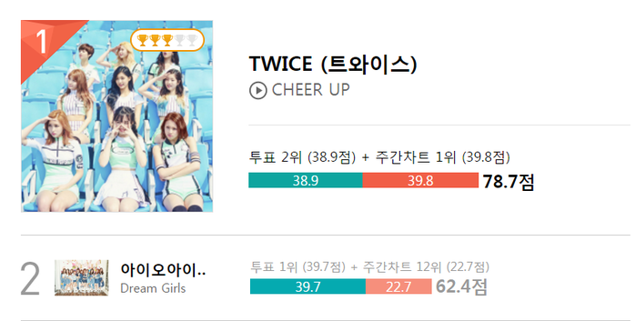 16일 오후 3시에 공개된 5월2주차 주간인기상 결과에 따르면 TWICE (트와이스)는 투표 2위(38.9점)+주간차트 1위 (39.8점)를 기록하며 1위 자리를 유지했다.
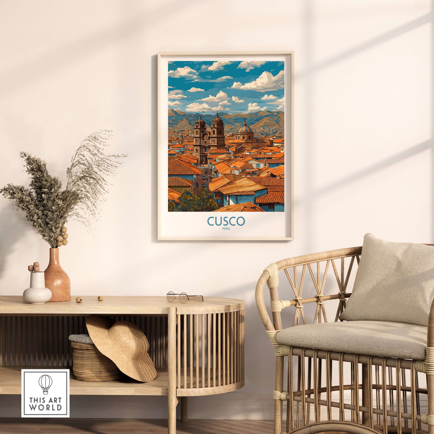 Cusco Peru Rooftops and Cathedral Art Print | Andes Cityscape Poster displayed in a stylish home setting.
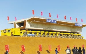 3月17日,开工仪式上展示的一台重型铁路工程机械。 当日,沈阳至丹东客运专线、丹东至大连快速铁路,新建沈阳南站、大连站,以及沈阳站和沈阳北站改造工程,在沈阳开工建设。这六大铁路工程,总投资额达到612亿元,建成后将成为振兴东北老工业基地的有力支撑。 新华社记者 任勇摄
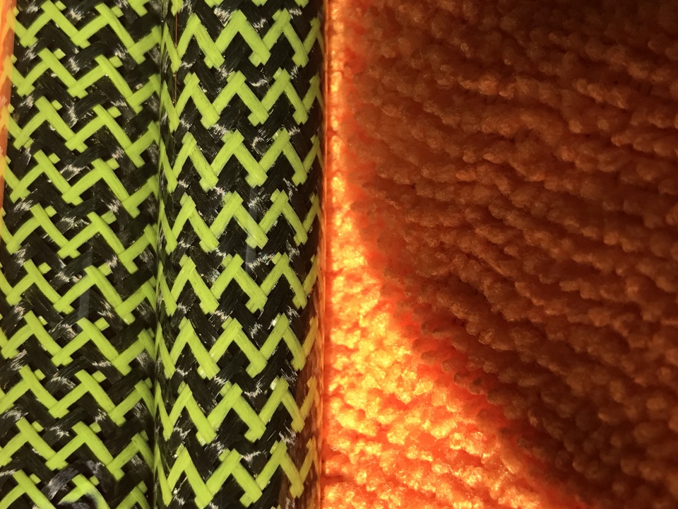 I cut the CF or braiding if doing braiding blanks to size. I mark the inside of the tube with some sort of code so that I know what tube is for what kit. Need to do this if you are mixing kits. I slide the CF sleeve over a rod. I then slide a tube over the rod. I hold the edge of the tube with my thumb and spread the resin all around the tube using one of those flux brushes you buy in bulk from HF or wherever. Always brushing the resin away from the ends of the tube so that none gets inside the tube. (if some does it is always easy to scrape out with a exacto knife later. No big deal) I then slide the tube into the CF sleeve as I am expanding the sleeve. Now I use small tie wraps to sinch the ends to the rod. I keep the tie wraps to the farthest part of the sleeve and not up close to the tube. This lets the sleeve material stretch nicely around the tube. I then put the sleeve tight on the other end and cinch it as well.
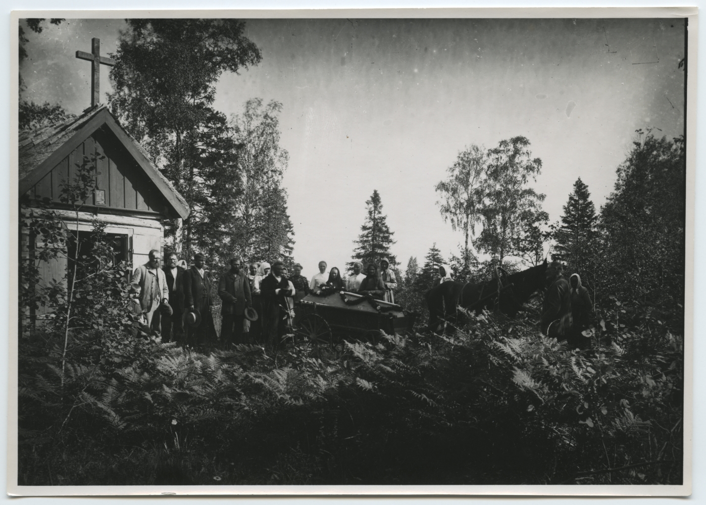 77. Üldvaade hoonetele; 78. Hoone, kus asub kabel; 79. Eluhoone talvel; 80. Teine eluhoone; 81. Kabeli sisevaade; 82. Matused kabeli juures; Neg.83B. Leeprahaige naine voodis
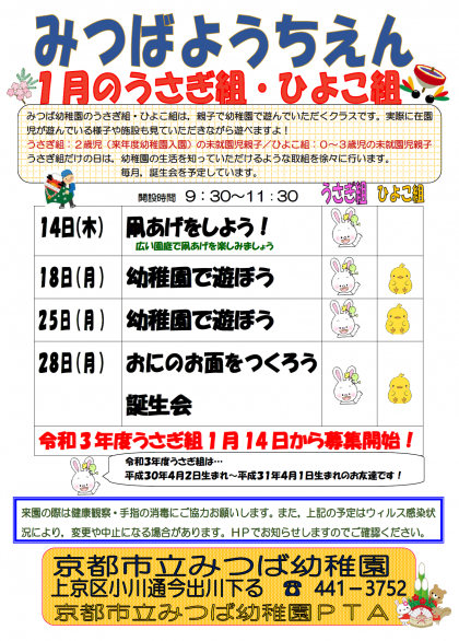 みつば幼稚園教育相談(うさぎ組・ひよこ組)1月の予定
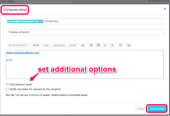 All the features are available for free. However, it shows an “Sent via unSend.it” in the signature part, which can be removed after upgrading to the premium subscription. If it doesn’t bother you, then this service is really good to undo your sent emails.
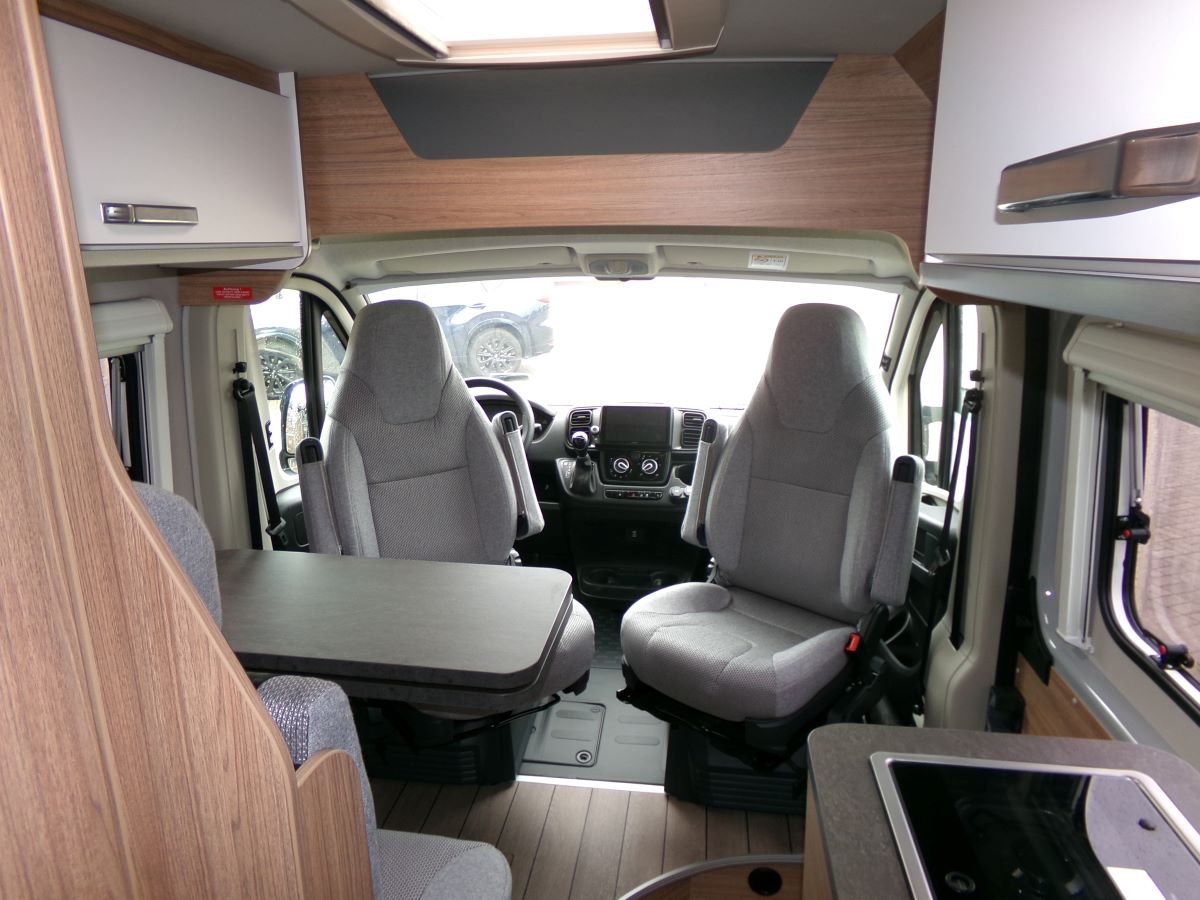 Fahrzeugklima, Fahrer und Beifahrerairbag, Tempomat, höhenverstellbarer Fahrer und Beifahrersitz, elektronische Wegfahrsperre, Ausstellfenster mit Kombirollos, 2- flammen Gaskochherd, Kompressor-Kühlschrank, TrumaCombi-Heizung, Ladebooster für Aufbaubatterie,
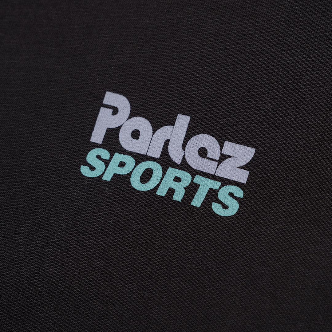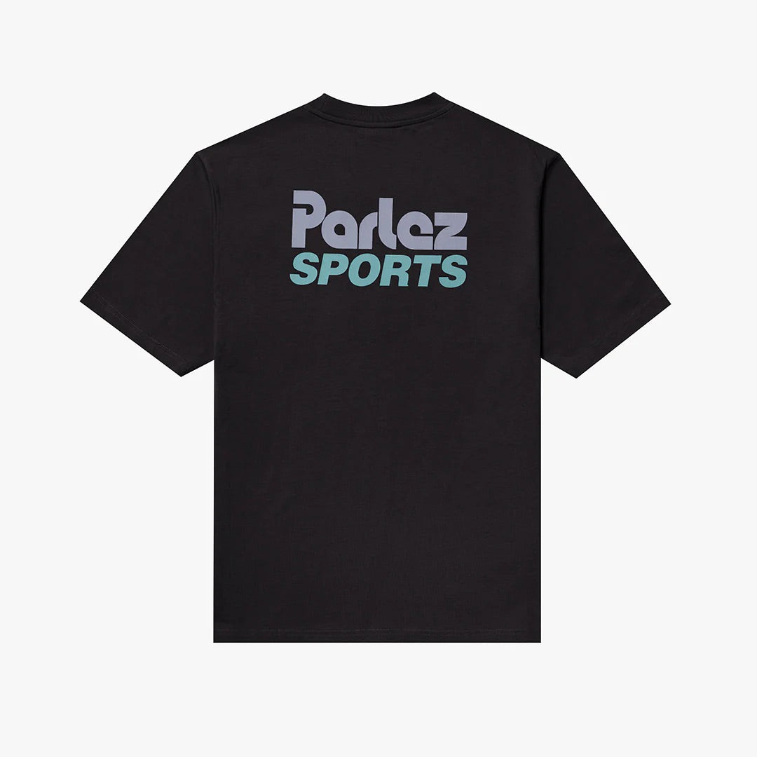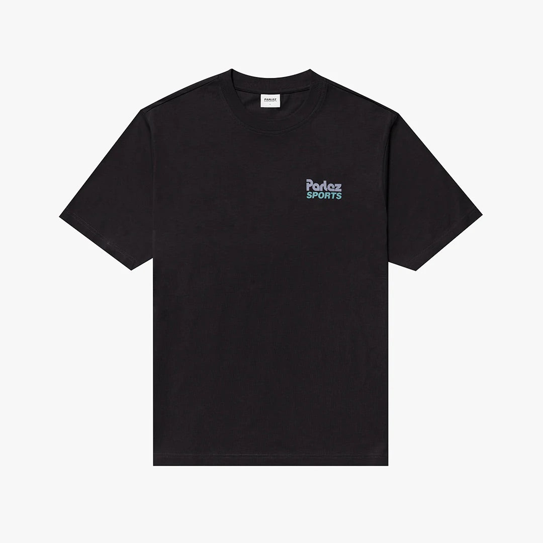 Burbank T-Shirt in Black – a timeless essential crafted from GOTS Certified organic cotton. This short-sleeve crewneck features a soft ribbed neckline, small chest logo, and striking back design.

= = = = =

TASK INSTRUCTIONS → Put down exactly the lines of the data above that run from its first line through the line bearing "みつば幼稚園教育相談(うさぎ組・ひよこ組)1月の予定", and no pictures.

OUTPUT BELOW →
 16일 오후 3시에 공개된 5월2주차 주간인기상 결과에 따르면 TWICE (트와이스)는 투표 2위(38.9점)+주간차트 1위 (39.8점)를 기록하며 1위 자리를 유지했다.
 Cusco Peru Rooftops and Cathedral Art Print | Andes Cityscape Poster displayed in a stylish home setting.
 3月17日,开工仪式上展示的一台重型铁路工程机械。 当日,沈阳至丹东客运专线、丹东至大连快速铁路,新建沈阳南站、大连站,以及沈阳站和沈阳北站改造工程,在沈阳开工建设。这六大铁路工程,总投资额达到612亿元,建成后将成为振兴东北老工业基地的有力支撑。 新华社记者 任勇摄
 I cut the CF or braiding if doing braiding blanks to size. I mark the inside of the tube with some sort of code so that I know what tube is for what kit. Need to do this if you are mixing kits. I slide the CF sleeve over a rod. I then slide a tube over the rod. I hold the edge of the tube with my thumb and spread the resin all around the tube using one of those flux brushes you buy in bulk from HF or wherever. Always brushing the resin away from the ends of the tube so that none gets inside the tube. (if some does it is always easy to scrape out with a exacto knife later. No big deal) I then slide the tube into the CF sleeve as I am expanding the sleeve. Now I use small tie wraps to sinch the ends to the rod. I keep the tie wraps to the farthest part of the sleeve and not up close to the tube. This lets the sleeve material stretch nicely around the tube. I then put the sleeve tight on the other end and cinch it as well.
 77. Üldvaade hoonetele; 78. Hoone, kus asub kabel; 79. Eluhoone talvel; 80. Teine eluhoone; 81. Kabeli sisevaade; 82. Matused kabeli juures; Neg.83B. Leeprahaige naine voodis
 みつば幼稚園教育相談(うさぎ組・ひよこ組)1月の予定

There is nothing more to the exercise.